● DATA BELOW
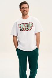 Футболка от GOwear станет отличной базой в вашем гардеробе! Футболка: классическое облегание дизайнерский принт ткань 2-нитка френч-терри Длина футболки по спинке: 68-74 см Длина рукава в футболке: 23-26 см Полуобхват груди в футболке: 46 р - 52 см, 48 р - 54 см, 50 р - 56 см, 52 р - 58 см, 54 р - 60 см, 56 р - 62 см, 58 р - 64 см.
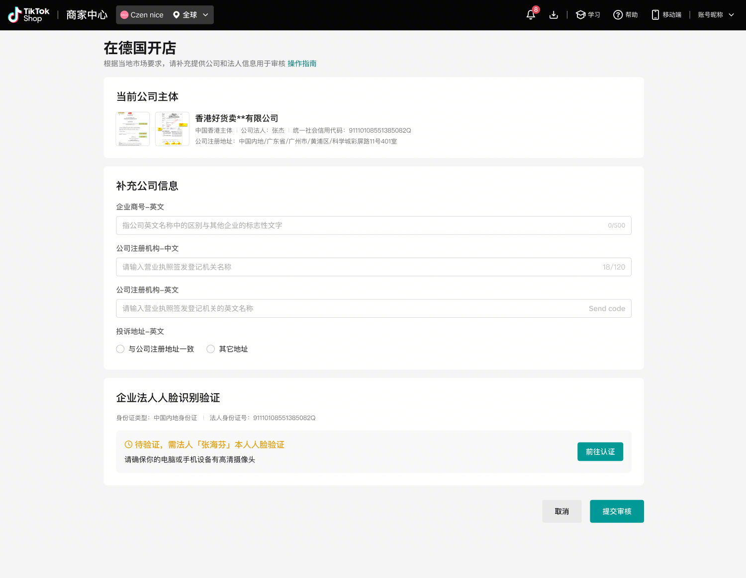 您现有店铺已经提交的资质可在开通新市场时复用,但由于不同市场市场的合规需求不同,您可能需要根据页面提示,补充上传部分资质信息,例如特定的企业注册信息等,并进行人脸识别验证。
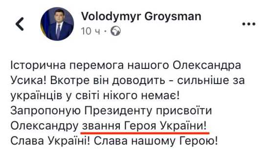 О величии «украинского флага над Москвой» вспомнил и мэр Киева, а Гройсман сообщил, что «сильнее украинцев в мире никого нет» и предложил присвоить Александру звание Героя Украины.

● REQUIRED ACTION
Would you copy each line above exactly as given, dropping any images?

● TASK SOLUTION
 Футболка от GOwear станет отличной базой в вашем гардеробе! Футболка: классическое облегание дизайнерский принт ткань 2-нитка френч-терри Длина футболки по спинке: 68-74 см Длина рукава в футболке: 23-26 см Полуобхват груди в футболке: 46 р - 52 см, 48 р - 54 см, 50 р - 56 см, 52 р - 58 см, 54 р - 60 см, 56 р - 62 см, 58 р - 64 см.
 您现有店铺已经提交的资质可在开通新市场时复用,但由于不同市场市场的合规需求不同,您可能需要根据页面提示,补充上传部分资质信息,例如特定的企业注册信息等,并进行人脸识别验证。
 О величии «украинского флага над Москвой» вспомнил и мэр Киева, а Гройсман сообщил, что «сильнее украинцев в мире никого нет» и предложил присвоить Александру звание Героя Украины.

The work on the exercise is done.